Search the listing for the word "Carol" and copy every line where it turns up.

-- -- --

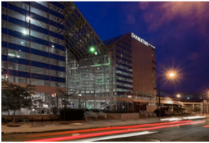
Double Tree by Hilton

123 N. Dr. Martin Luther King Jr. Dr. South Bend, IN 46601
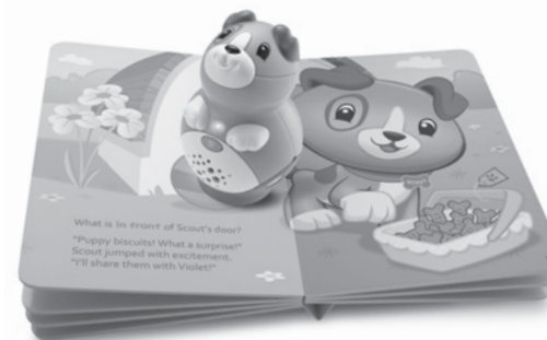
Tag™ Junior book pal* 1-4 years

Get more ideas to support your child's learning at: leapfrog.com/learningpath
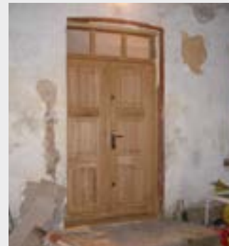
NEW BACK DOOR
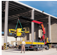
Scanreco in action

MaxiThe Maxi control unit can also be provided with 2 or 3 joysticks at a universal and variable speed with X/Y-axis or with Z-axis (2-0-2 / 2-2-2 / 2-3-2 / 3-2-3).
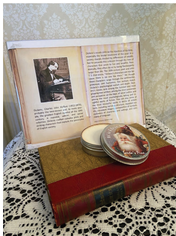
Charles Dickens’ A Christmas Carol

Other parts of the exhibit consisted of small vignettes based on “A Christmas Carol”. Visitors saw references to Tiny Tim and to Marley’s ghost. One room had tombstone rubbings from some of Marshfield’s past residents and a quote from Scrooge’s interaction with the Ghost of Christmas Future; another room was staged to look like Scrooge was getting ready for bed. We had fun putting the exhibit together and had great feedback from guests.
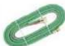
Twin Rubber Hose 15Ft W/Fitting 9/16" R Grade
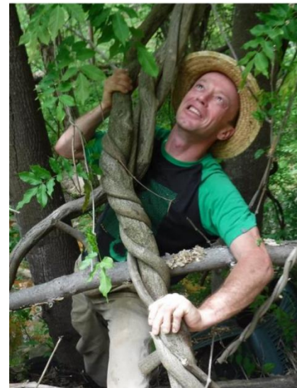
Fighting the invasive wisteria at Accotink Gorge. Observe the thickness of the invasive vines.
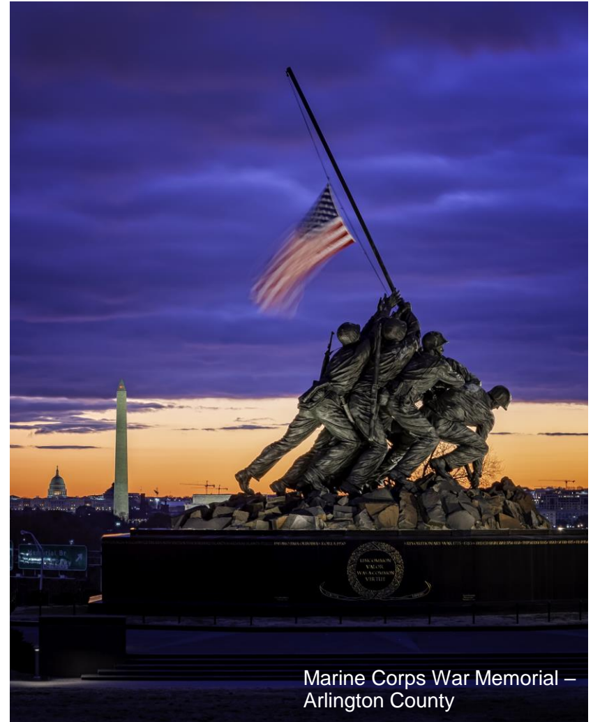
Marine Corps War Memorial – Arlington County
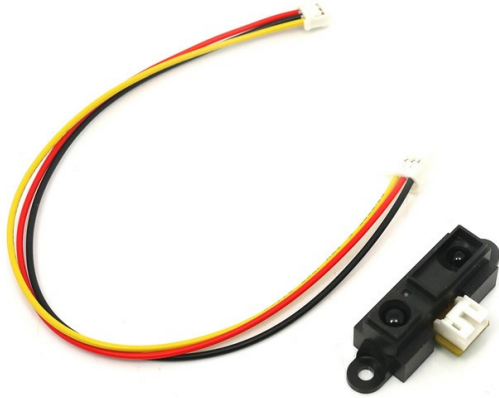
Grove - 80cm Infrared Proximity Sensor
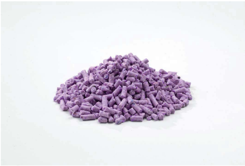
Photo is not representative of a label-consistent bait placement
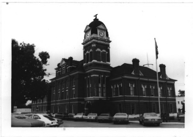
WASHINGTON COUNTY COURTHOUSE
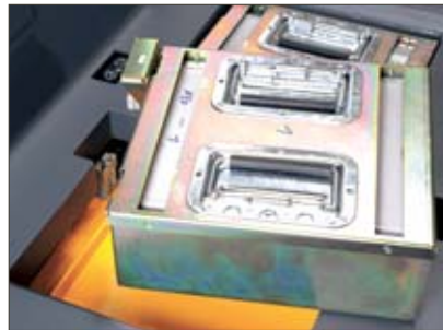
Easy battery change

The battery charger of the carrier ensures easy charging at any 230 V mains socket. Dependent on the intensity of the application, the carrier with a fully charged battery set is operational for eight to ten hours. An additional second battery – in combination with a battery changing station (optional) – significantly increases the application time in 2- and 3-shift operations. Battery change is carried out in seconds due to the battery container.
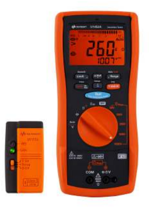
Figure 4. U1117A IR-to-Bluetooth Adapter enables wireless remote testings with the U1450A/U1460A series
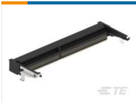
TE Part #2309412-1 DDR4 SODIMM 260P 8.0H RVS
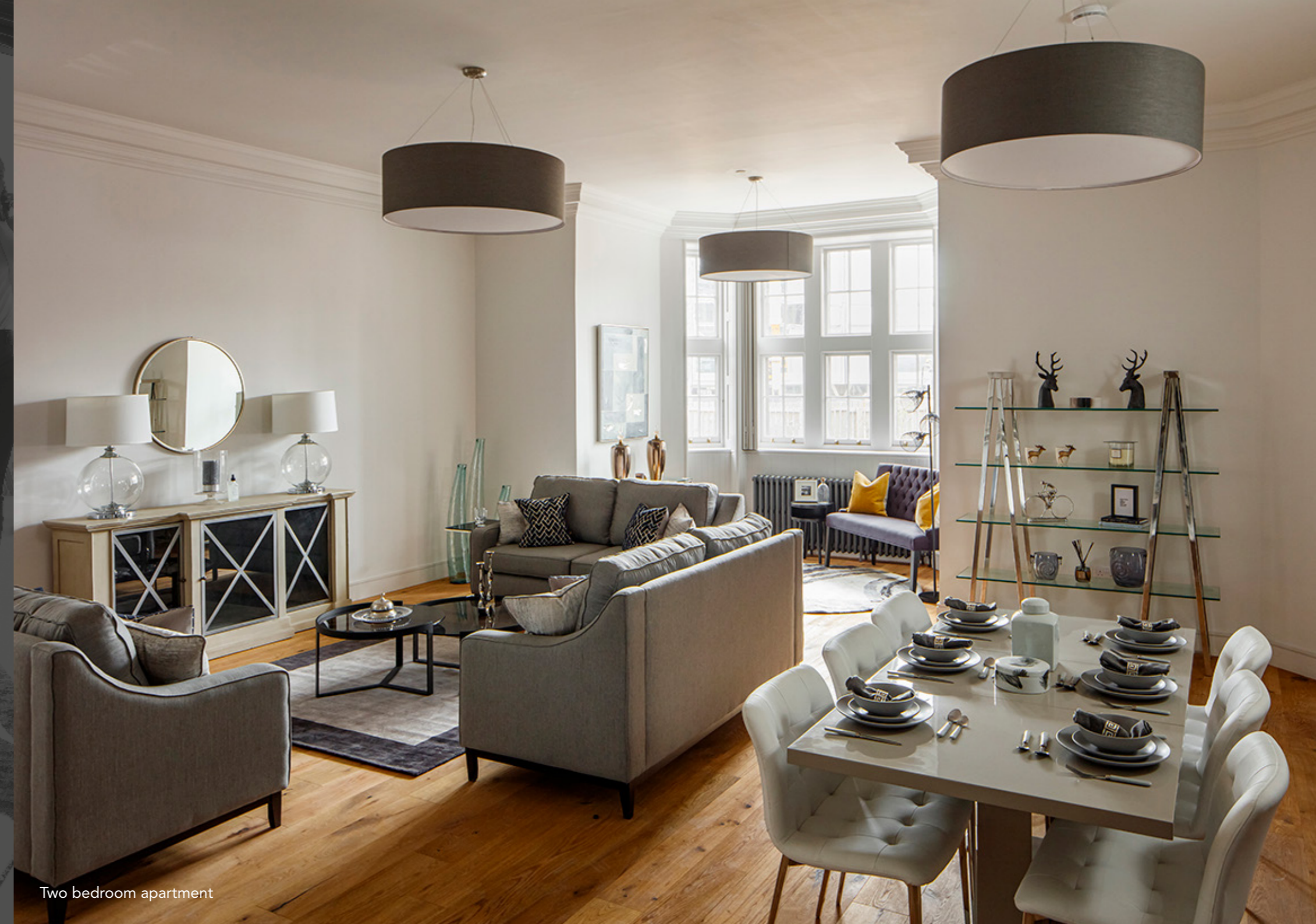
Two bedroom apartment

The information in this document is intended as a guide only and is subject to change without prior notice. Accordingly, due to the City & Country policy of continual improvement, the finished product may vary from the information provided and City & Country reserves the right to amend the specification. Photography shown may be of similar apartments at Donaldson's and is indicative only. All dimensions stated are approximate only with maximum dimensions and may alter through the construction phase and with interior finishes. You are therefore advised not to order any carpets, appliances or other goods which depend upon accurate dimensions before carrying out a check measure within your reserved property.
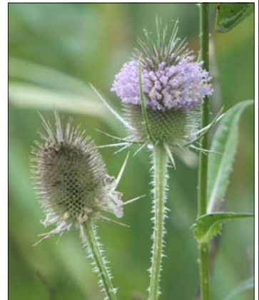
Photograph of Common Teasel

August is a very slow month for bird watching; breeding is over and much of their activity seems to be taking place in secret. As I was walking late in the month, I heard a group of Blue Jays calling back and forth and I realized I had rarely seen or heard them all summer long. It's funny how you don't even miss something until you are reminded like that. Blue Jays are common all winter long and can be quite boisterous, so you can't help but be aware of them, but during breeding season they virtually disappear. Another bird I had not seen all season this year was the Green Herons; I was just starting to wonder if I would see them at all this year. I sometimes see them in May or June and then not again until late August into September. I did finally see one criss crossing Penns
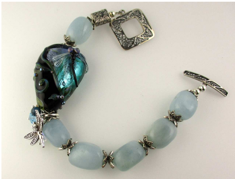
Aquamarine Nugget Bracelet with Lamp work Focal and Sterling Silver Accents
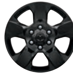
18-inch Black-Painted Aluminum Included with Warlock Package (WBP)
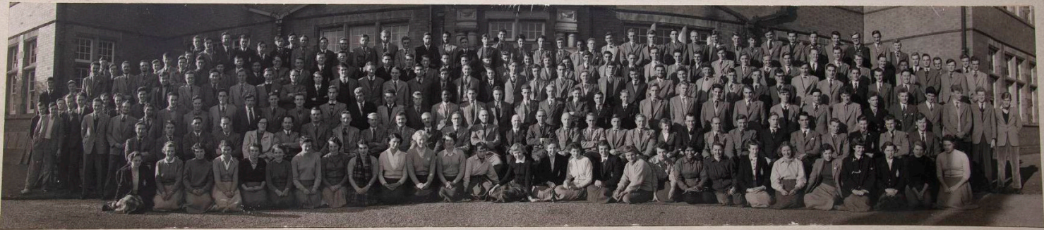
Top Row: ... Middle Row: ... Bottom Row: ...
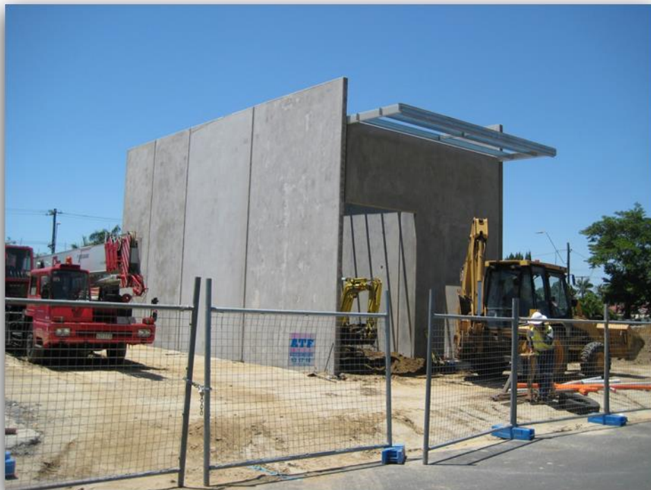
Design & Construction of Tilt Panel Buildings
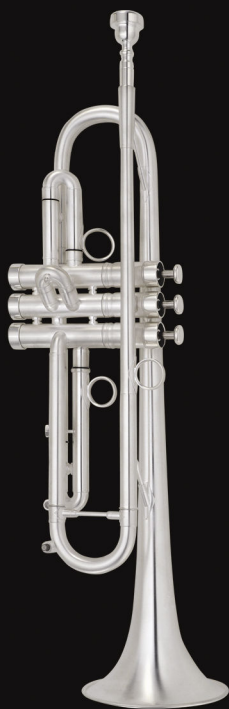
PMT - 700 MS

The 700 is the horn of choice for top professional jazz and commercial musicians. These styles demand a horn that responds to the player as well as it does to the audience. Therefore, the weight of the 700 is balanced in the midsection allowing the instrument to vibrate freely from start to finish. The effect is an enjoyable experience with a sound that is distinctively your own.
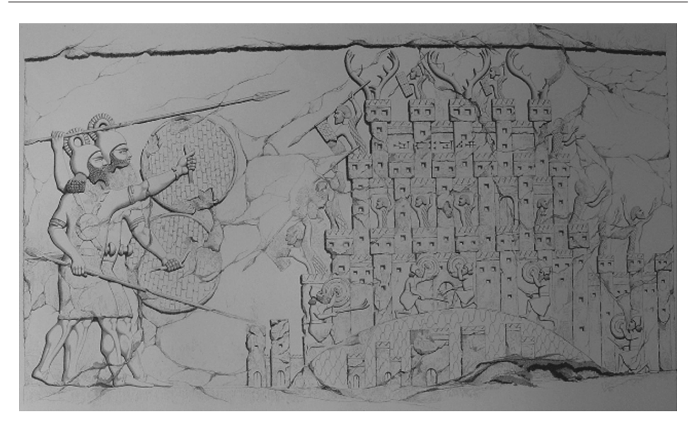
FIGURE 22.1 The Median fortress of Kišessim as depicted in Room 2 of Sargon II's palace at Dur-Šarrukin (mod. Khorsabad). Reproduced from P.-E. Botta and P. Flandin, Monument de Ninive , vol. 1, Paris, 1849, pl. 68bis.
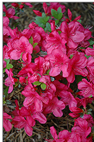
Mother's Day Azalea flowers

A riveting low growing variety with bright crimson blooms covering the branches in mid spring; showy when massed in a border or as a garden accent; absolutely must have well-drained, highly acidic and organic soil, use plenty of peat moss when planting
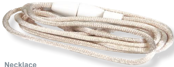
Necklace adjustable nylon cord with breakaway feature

-- -- --

RESULT:
Charles Dickens’ A Christmas Carol
Other parts of the exhibit consisted of small vignettes based on “A Christmas Carol”. Visitors saw references to Tiny Tim and to Marley’s ghost. One room had tombstone rubbings from some of Marshfield’s past residents and a quote from Scrooge’s interaction with the Ghost of Christmas Future; another room was staged to look like Scrooge was getting ready for bed. We had fun putting the exhibit together and had great feedback from guests.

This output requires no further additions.